I went today to Andrea's grave. It was as hard as you are thinking. I keep asking God to help me through this, but I realised I have a lot to learn and go through. None of it easy, all I wish I could avoid but knowing I can not. We were the veterans of the chemo room, we had all the answers. People looked to us, and we loved helping those new to the fight. Now I am a rookie, a rookie in the game of grief. I'm learning there is so much I don't know. I now find myself in a new arena, in need of help. I know two friends who unfortunately are veterans of this experience that I already feel drawn towards. They will no doubt be one of my sources of strength. I'm adjusting to the reality that I'm in over my head and my star teammate is not here. Andrea is no long simply not here, she is gone and to make it through this I have to remind myself the physical I see is not a complete picture of reality.

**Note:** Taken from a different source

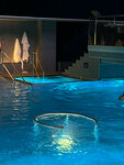 Ездили отдыхать с подругой. Приехали к 11, народу было уже много. Удивилась, что помещение с бассейном не очень большое, по фото кажется больше. Потолок чёрный, стены, показалось мрачно. Выдаётся всего одно полотенце. В какой-то момент мы перепутали наши полотенца с чужими, решили попросить новые, за ними пришлось идти к ресепшену. Полотенце дали, но как-то со скрипом, что называется. Всего две маленькие парилки, которые к 12 часам были забиты людьми. Решили пообедать в кафе прямо над водой. Цены выше среднего, завтраки после 11 уже недоступны. Салаты и пирожные нам тоже не достались, что-то у них сломалось. Взяла куриный суп, вкусно. Вообще не очень удобно сидеть в кафе в мокром купальнике и халате, но это так, мелочи. Брали билет на 4 часа, уже через полтора становится скучно, не знаю, что там делать дольше. Подруга хотела взять массаж, но сказали, все занято, надо заранее это заказывать. Зачем-то включили на большом экране мультфильм для детей с оглушающей музыкой. Приводишь ребёнка, чтобы он отвлекся от гаджетов и телевизора, а тут снова мультики)) не поняла этого. Плавали дети, некоторым вроде нравилось, но там из развлечений только надувные мячи. Хорошо, что не взяла туда своих оболтусов. В общем, нормально, но без восторга.

I dropped my sister and her family off at the airport and decided to see where Andrea's grave was. As I drove to the cemetery today I saw God had given me a blessing. We were told Andrea's grave was to be in the new part of the cemetery, basically a field next to the maintenance buildings. It was the only regret I had about the cemetery.

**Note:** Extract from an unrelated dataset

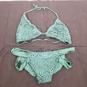Unico Swimwear Scrunch Butt Bikini Size X-Large. Bikini Top Tie around neck and back in Green With matching Bottoms.

Today I found her in this beautiful site.
In the shadow of the tree.
It is in the older part of the cemetery. Just up from a creek. Right next to this horseshoe parking spot, with the bench and the tree. It was a gift from God to a really unnecessary concern on my part. Yet He loved me enough to give me this gift. Just a reminder to me that He hears me and He is with me and He loves me. Just what I needed to hear.

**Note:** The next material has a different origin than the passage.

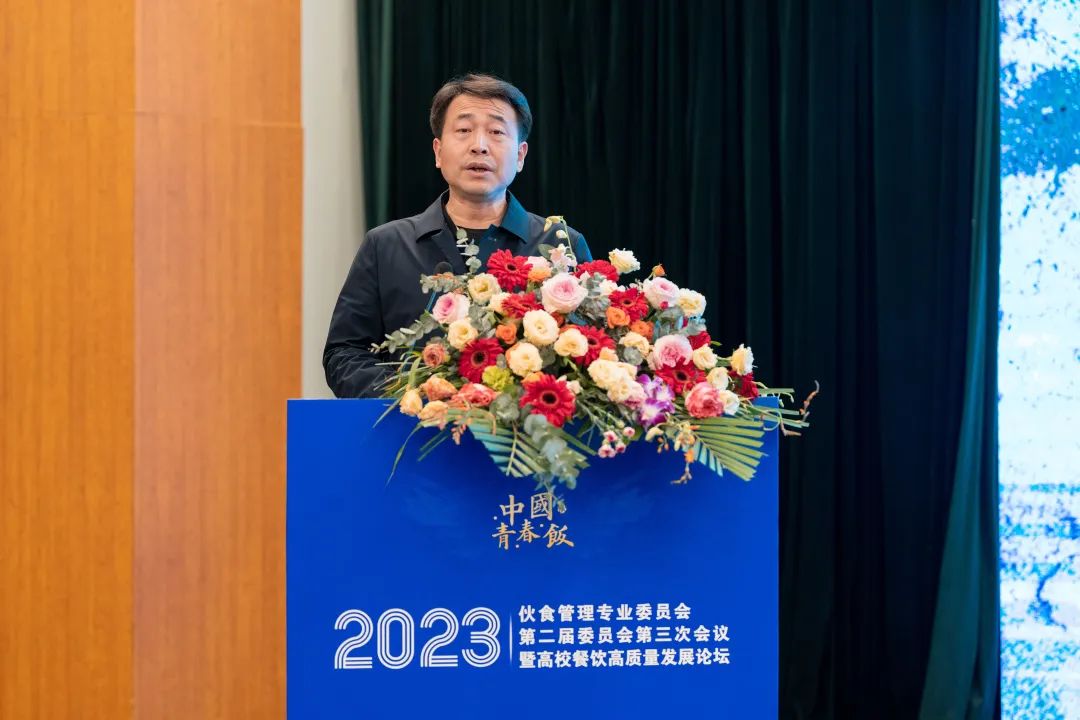 中国教育后勤协会伙食管理专业委员会副主任兼秘书长宋大我在主持会议时,代表全国伙专会对出席今天大会的领导、同仁表示感谢,并表示新的一年全国伙专会将在协会的正确领导下,继续坚持“服务教育、服务会员”的办会宗旨,以提高学校伙食管理水平、促进高质量学校饮食服务保障体系建设为目标,发挥行业协会职能,探索行业发展规律,推动行业健康发展,促进行业治理体系和治理能力现代化;希望各地伙专会和各学校在新的一年里继续奋发努力,以提升广大师生幸福感为目标,推进全国高校餐饮高质量发展。

For those of you who could not be here This is a picture from the memorial. We had four pictures one of me and Andrea, Nic and Andrea, Anthony and Andrea, and one of Andrea by herself. They lined the front of the chapel. It was beautiful.
My sister Eileen had the idea of bringing items from Andrea's daily life. That is what's on the table. It was the perfect touch. It captured Andrea's battle and her strength.